• Given records:
☆ ☆ ☆ ☆ ☆
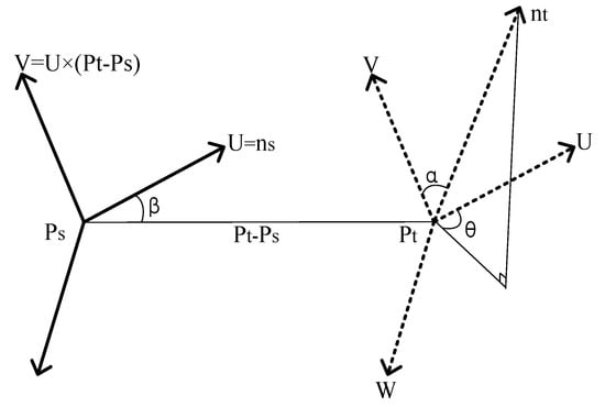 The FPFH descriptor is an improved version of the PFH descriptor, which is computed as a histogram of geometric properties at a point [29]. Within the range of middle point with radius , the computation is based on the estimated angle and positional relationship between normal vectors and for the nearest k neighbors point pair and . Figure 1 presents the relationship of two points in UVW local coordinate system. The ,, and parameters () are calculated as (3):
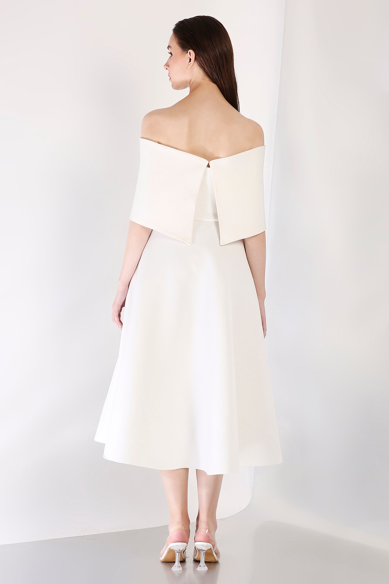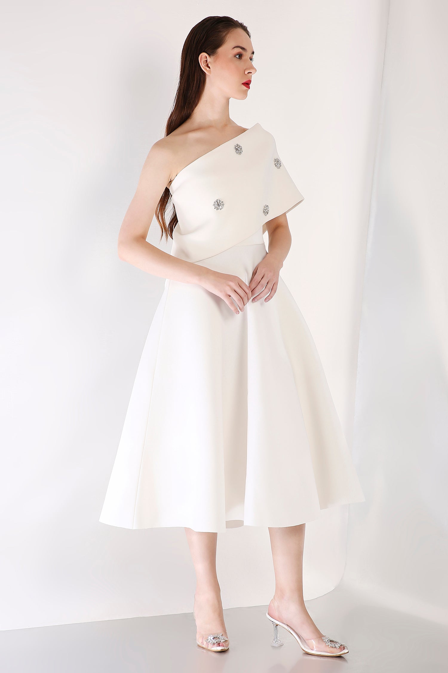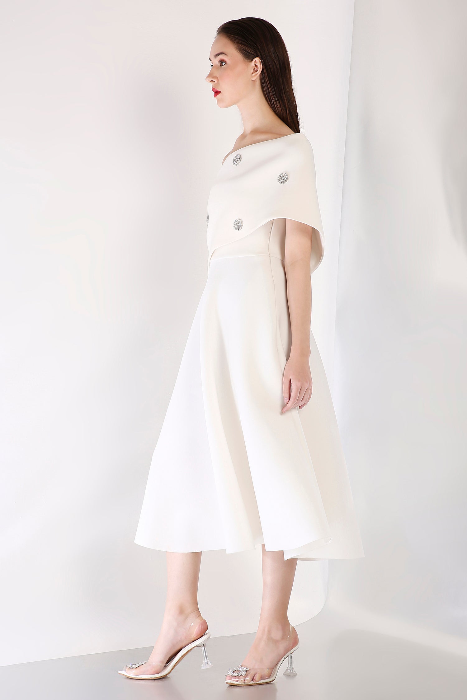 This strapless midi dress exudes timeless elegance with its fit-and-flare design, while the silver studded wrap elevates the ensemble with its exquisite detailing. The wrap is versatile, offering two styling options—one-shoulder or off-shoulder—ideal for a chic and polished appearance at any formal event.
☆ ☆ ☆ ☆ ☆
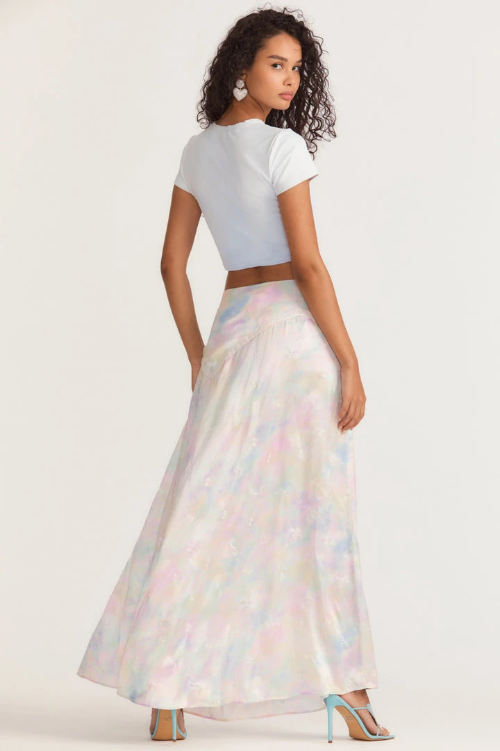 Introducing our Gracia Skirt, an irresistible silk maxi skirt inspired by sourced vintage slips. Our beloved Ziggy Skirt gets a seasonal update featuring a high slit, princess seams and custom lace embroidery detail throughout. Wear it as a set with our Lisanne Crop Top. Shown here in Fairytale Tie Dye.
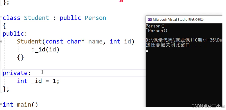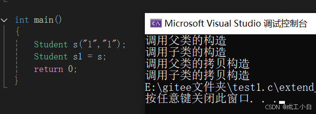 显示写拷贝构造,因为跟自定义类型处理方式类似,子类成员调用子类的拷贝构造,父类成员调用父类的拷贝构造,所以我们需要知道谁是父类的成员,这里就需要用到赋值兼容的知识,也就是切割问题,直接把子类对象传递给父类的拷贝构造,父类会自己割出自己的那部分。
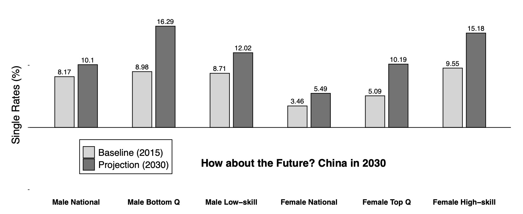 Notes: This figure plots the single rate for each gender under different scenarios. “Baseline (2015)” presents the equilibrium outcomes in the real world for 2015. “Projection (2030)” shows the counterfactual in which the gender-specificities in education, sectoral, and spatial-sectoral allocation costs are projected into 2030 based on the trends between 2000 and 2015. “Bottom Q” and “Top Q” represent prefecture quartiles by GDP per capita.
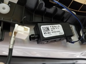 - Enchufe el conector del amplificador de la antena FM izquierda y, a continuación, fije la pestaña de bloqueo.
☆ ☆ ☆ ☆ ☆
• Activity:
Word for word, write out the lines above running from the one with "The FPFH descriptor" up to and including the one with "This strapless midi". Drop any picture.

• Exercise result:
 The FPFH descriptor is an improved version of the PFH descriptor, which is computed as a histogram of geometric properties at a point [29]. Within the range of middle point with radius , the computation is based on the estimated angle and positional relationship between normal vectors and for the nearest k neighbors point pair and . Figure 1 presents the relationship of two points in UVW local coordinate system. The ,, and parameters () are calculated as (3):
 This strapless midi dress exudes timeless elegance with its fit-and-flare design, while the silver studded wrap elevates the ensemble with its exquisite detailing. The wrap is versatile, offering two styling options—one-shoulder or off-shoulder—ideal for a chic and polished appearance at any formal event.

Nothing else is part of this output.